But such savings do not show up on the bottom line overnight, Avery says.
"We've lowered maintenance costs, but when you do landscape conversions to more sustainable landscapes, the return on investment is usually two to five years," he says. "You don't get an immediate return because the workload increases the first one to two years. There's more manual labor. You've gone from a more mechanized maintenance program to more manual labor."
The university also has realized savings of 20-25 percent on its water bills because of reduced irrigation in the last decade. Much of the credit for these savings goes to an aggressive maintenance plan, experimentation with new technology and a centralized irrigation system.
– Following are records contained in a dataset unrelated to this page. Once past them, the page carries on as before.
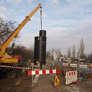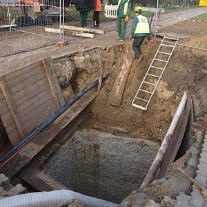 Tutaj ekipa Miejskiego Zakładu Komunalnego w Stalowej Woli przy współpracy wyspecjalizowanych firm, m.in. PRI Nisko, "walczy" z poważną awarią, jaka związana jest z częściowym zawaleniem się kolektora sanitarnego przy ul. Staszica w Stalowej Woli, odprowadzającego ścieki m.in. z os. Hutnik oraz z Zatorza. Prace są bardzo skomplikowane m.in. z tego powodu, że dla umożliwienia drożności kolektora konieczne stało się wykonanie "bajpasa" omijającego uszkodzony odcinek. To wymagało poważnych robót ziemnych w sąsiedztwie budynku LO im. KEN. Wszystkie te roboty wykonywane są tak, aby nie ograniczać w tym miejscu normalnego ruchu kołowego oraz funkcjonowania ważnego przejścia pieszo-rowerowego w sąsiedztwie dużej szkoły i szpitala. Utrudnienia w ruchu w związku z tymi pracami są, ale nie są one powodem dużych perturbacji. Ponadto część prac musi być wykonywana aż na głębokości sięgającej 7 metrów, bo tak głęboko osadzone są instalacje kanalizacyjne, w bezpośrednim sąsiedztwie których przebiegają także inne elementy infrastruktury technicznej, w tym magistrala ciepłownicza, instalacje elektryczne itp. Na szczęście do połowy grudnia robót nie utrudniała pogoda, nie było ani opadów deszczu, ani mrozów.
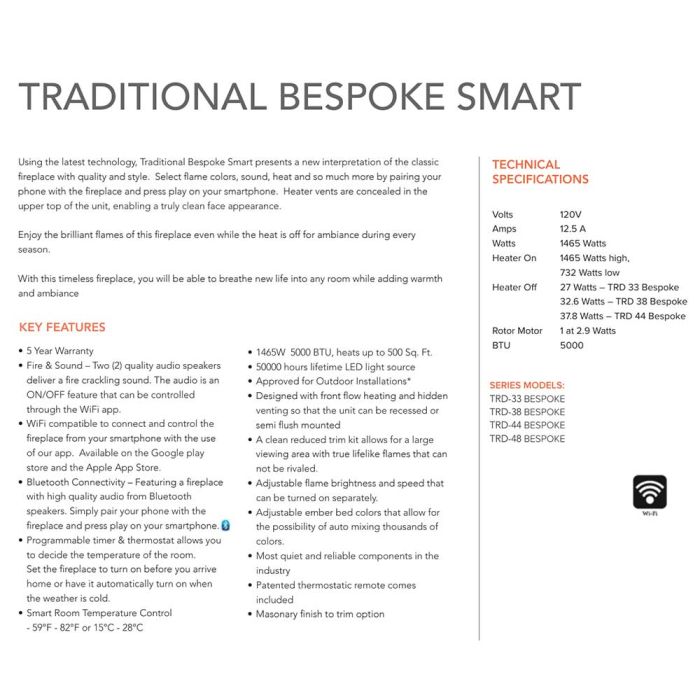 Amantii Traditional Bespoke Smart Electric Fireplace Experience the timeless elegance and exceptional quality of the TRD fireplace, available in multiple sizes to fit any room. The concealed heater and vents create a clean appearance, while the adjustable ember bed colors offer a variety of brilliant choices to suit your mood. Â Enjoy this fireplace's mesmerizing flames and ambiance year-round, indoors and outdoors. Upgrade your space with this bespoke electric fireplace/insert today!
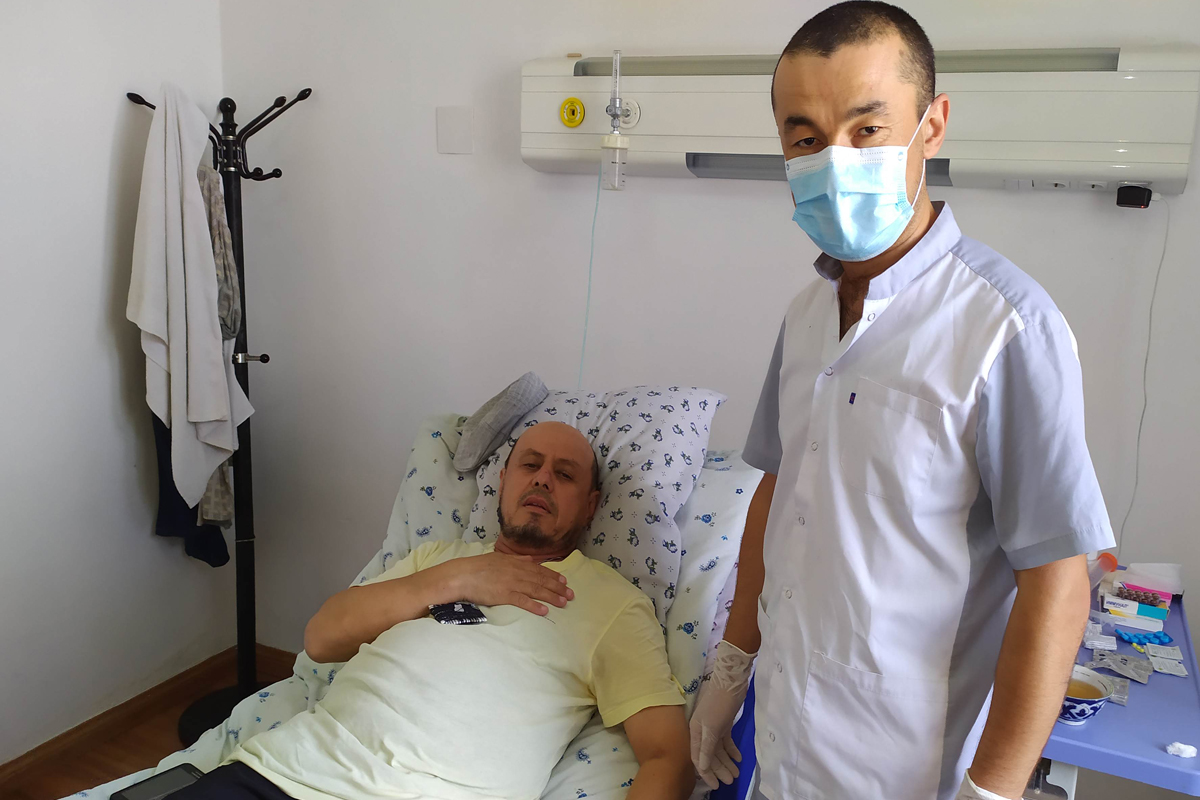 Ҳамин тавр, 14 рӯзи карантинро пушти сар кардам ва ба назди зану фарзандонам баргаштам. Пас аз чанд рӯзи истироҳат дар хона, мувофиқи нақша, рӯзи 8-уми май боз ба кор сар кардам. Пас аз 4 шабонарӯзи корӣ бо вазъи бади саломатӣ бемори солмандеро оварданд ва ману як ҳамкасбам дар қабулгоҳ ӯро муоина кардем. Дар ӯ нишонаҳои коронавирус мушоҳида гардид ва пас аз ташхис ӯ бистарӣ карда шуд. Фикр мекунам, ҳарчанд ҳамаи қоидаву меъёрҳои санитариро, ҳангоми муоинаи бемор, риоя карда будем, вале ду-се рӯз баъд худамро бад ҳис кардам. Ҳароратам каме баланд шуд, вуҷудамро беҳолию хастагӣ фаро гирифт ва сулфазанӣ пайдо шуд. Ман дар шуъбаи пулманологӣ, ки махсус аз ҷониби роҳбарияти Маҷмааи тандурустии «Истиқлол» барои қабул ва табобати табибон ва мутахассисони ҳамаи муассисаҳои табобатии кишвар омода гардида буд, бистарӣ шудам. Санаи 14-уми май шуш ва роҳҳои нафасамро ташхиси рентгенӣ кардам ва муоина дар баданам нишонаҳои “бронхити музмин”-ро муайян кард. Илова бар ин, фишорам ҳам баъзан баланд мешуд. Бо кӯмаки ҳамкасбон ба табобат пардохтам. Муддати 14 рӯз ман дар шуъбаи мазкур зери назорат ва табобати табибони воқеан мушфиқ Акбарзода Саидаъзам, Зуҳуров Ҳасан Довудович, Алфия Қулмамадова, Аҳмадов Сулаймон ва ҳамшираи шафқат Зулхумор Гадоева қарор доштам. Дар ин муддат ғамхории самимии ҳамкасбонро нисбат ба худам эҳсос кардам. Доруву дармон аксаран аз ҷониби беморхона таъмин мешуд, аммо дӯстону рафиқон барои дарёфти баъзан доруҳои зарурӣ кумакам карданд.
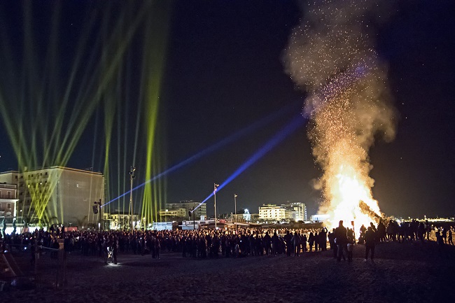 RICCIONE (RN) – Con uno spettacolo di luci, musica e fuoco la città di Riccione ha inaugurato sabato sera l’anno dedicato allo sport in occasione del tradizionale appuntamento con il falò che saluta l’inverno per dare il benvenuto alla primavera.

"We're starting to use a lot more subterranean irrigation technology," Avery says. "These are things we think are the future. We're strong advocates of utilizing new technology when it works for us."
Avery's staff monitors the campus irrigation system for leaks daily and conducts a yearly preventive maintenance inspection on the entire system during the winter months.
"We try to get through the entire system," Avery says. "Every valve and controller is turned on. All the valves are checked, (and) all the heads are checked and documented as to what's running and what's having problems and if there are any cracks or breaks."
Not surprisingly, the department's sustainability efforts have affected its purchasing decisions. While factors such as emissions and noise are important when purchasing grounds care equipment, durability also plays a central role in making sustainable purchasing decisions.
"We look at air quality in our purchases, but what far outweighs anything for us is durability," Avery says. "It might be the greatest thing out there environmentally, but dependability is No. 1 because we have to do the work day in and day out.
"I can't over-emphasize dependability as something that's important because of budgets. We've all had budget reductions, and we're looking for equipment overall that will last and we don't have to replace right away. It's remarkable to tell a story because something is great environmentally. But if it breaks down three months after you bought it, it doesn't do anybody any good."